Overgrazing and tilling practices in the past in the West made soil less porous; now those soils struggle to hold onto water. This increases evaporation and decreases the amount of time that water has to seep into the soil making the climate dryer.

“Functioning of land as a sponge, has been less effective because of degradation.” Rangwala said.

In Gunnison,Colorado, the San Juan Mountain Institute worked to build rock dams near streams and meadows to slow down the flow of water. That helps new vegetation grow and repair those ecosystems, he said.

In southwestern Colorado and the Four Corners region, farmers, ranchers and local communities rely heavily on snowpack for water supply. As temperatures rise, snow melts faster, particularly in lower elevations. That makes water availability a big concern, Rangwala said.

No growing season is the same, but in dry years, some farmers and ranchers must cut back on their water use, by choosing not to grow certain thirsty crops, like alfalfa, or fallowing some fields entirely.

For Indigenous farmers, it is a hard choice not to give their crops enough water because the earth, the plants, and the animals are an extension of their own families, Brandon Francis, a Navajo farmer and educator, said.

“It’s not an economic choice,” he said. “It’s a cultural choice and it’s a spiritual choice, and it’s very hard.”

Rippling impacts on Indigenous food systems

Not having access to traditional foods negatively impacts Indigenous people’s health, not only physically but mentally because it disconnects them from their culture and from their communities, Landsing said.

One of the most significant crops for many Indigenous communities is corn because it is used in ceremonies and is relied upon as a source of strength and resilience, Francis said.

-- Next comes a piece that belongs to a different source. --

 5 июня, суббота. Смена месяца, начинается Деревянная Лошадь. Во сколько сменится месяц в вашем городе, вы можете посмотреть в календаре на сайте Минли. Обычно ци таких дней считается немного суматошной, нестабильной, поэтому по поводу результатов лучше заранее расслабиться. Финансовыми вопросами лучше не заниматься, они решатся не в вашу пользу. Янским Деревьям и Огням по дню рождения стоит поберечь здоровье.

For Navajo people, caring for those seeds through generational seed saving keeps the culture and people alive. Francis has been farming his whole life. For him, food provides a sense of connection and kinship that keeps tradition and culture alive.

“It’s one of the ways we can reconnect with the earth is through food, and I really enjoy that aspect,” Francis said. “Everyone has to eat.”

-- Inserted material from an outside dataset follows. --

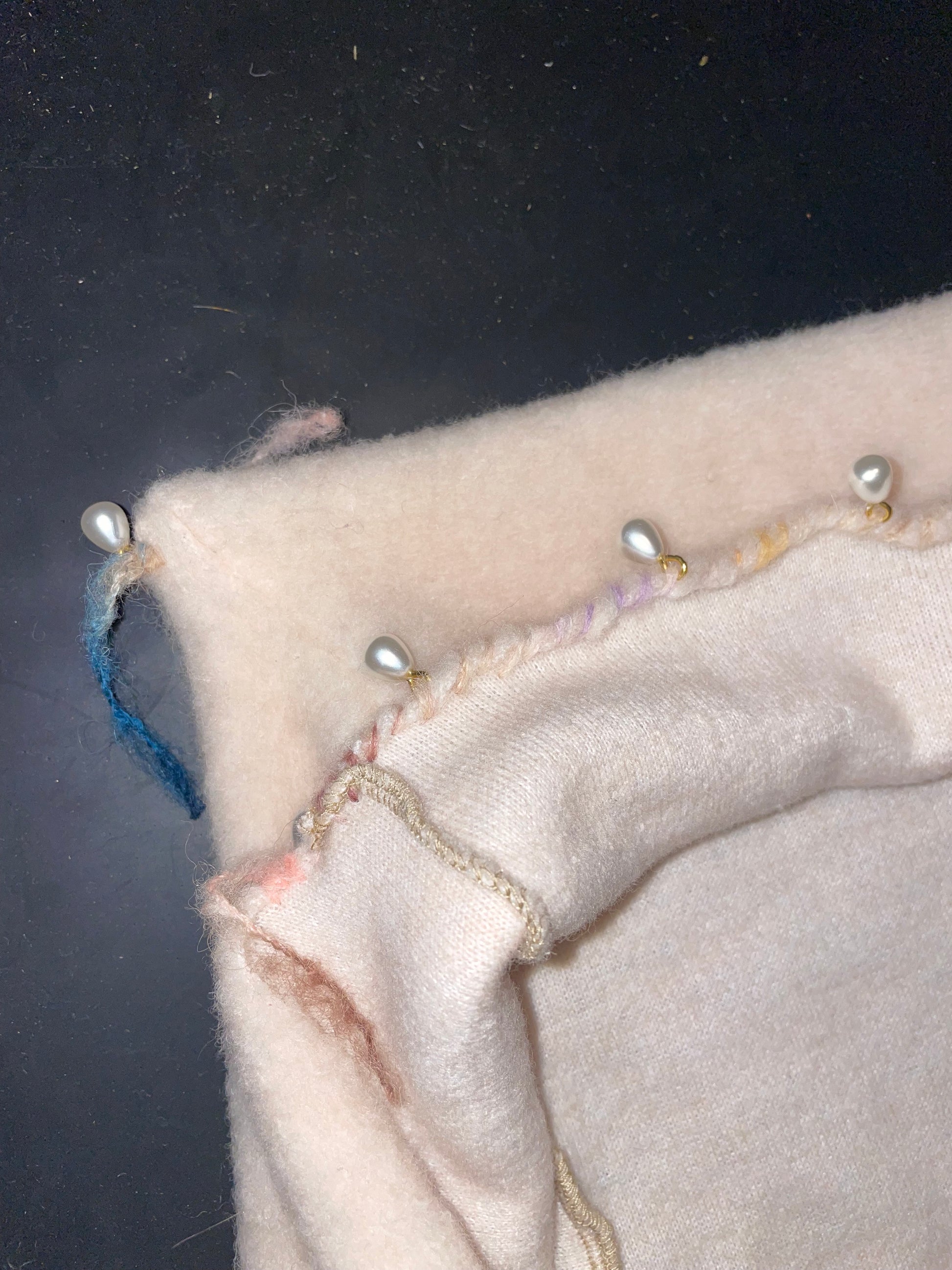 hand-sewn hems with alpaka yarn, little pearls attached

That connection to food changed with U.S. reservation policies for many Indigenous communities.

The Ute tribes, for example, used to cover territory across the state of Colorado. Their reservation now takes up a small portion of Colorado, New Mexico, and Utah, cutting them off from their original land and hunting grounds.

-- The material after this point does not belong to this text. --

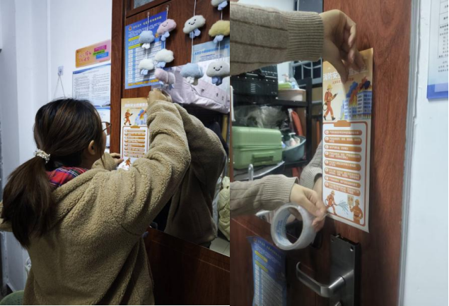 学生会生活部精心设计制作了宣传海报,普及消防安全知识,包括宿舍常见火灾隐患、灭火器使用方法及逃生自救要点等。其中,大海报张贴于竹一楼学生活动室宣传栏,并印制多份小海报,由各班安全委员分发至每间本科生宿舍,确保消防安全提示覆盖到每一位同学。同时,主播色情
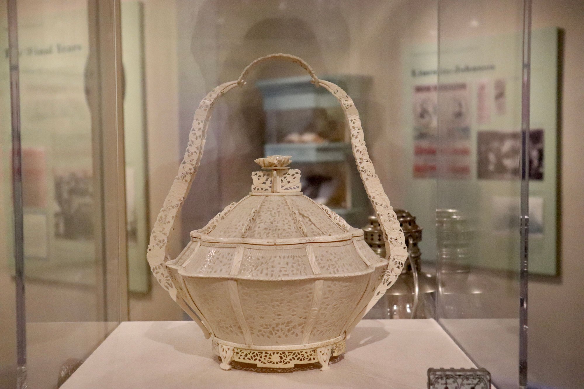 Johnson was the first president to host a visit by a Queen in the White House, Queen Emma Kalanikaumakaʻamano Kaleleonālani Naʻea Rooke of Sandwich Island, now Hawai'i. (Try saying that name three times in rapid succession.) She brought a lovely ivory basket as a gift.

The U.S. government gave tribes food that their bodies were not used to digesting, such as flour, sugar, and canned meats. That has had significant effects on their physical and mental health, Landsing said.

“It takes 15 generations for a group of people to adapt to a new food,” she said.

Traditional food practices connect Indigenous people to their culture and knowledge that was taken from them, while they heal generational trauma that has been passed down, she said.

“Traditional foods don’t just physically nurture our bodies,” she said, “but they nurture our bodies at a microcellular level that heals from the inside out.”

Indigenous communities will continue to evolve with the changes, Landsing said. They’ve been doing it for generations.

“Our traditional food systems rely entirely on our cultures, our knowledge, our ecosystems, our social structures. So, when change in the climate happens, it affects all of those,” Landsing said. “However, we are some of the most adaptive people on the planet.”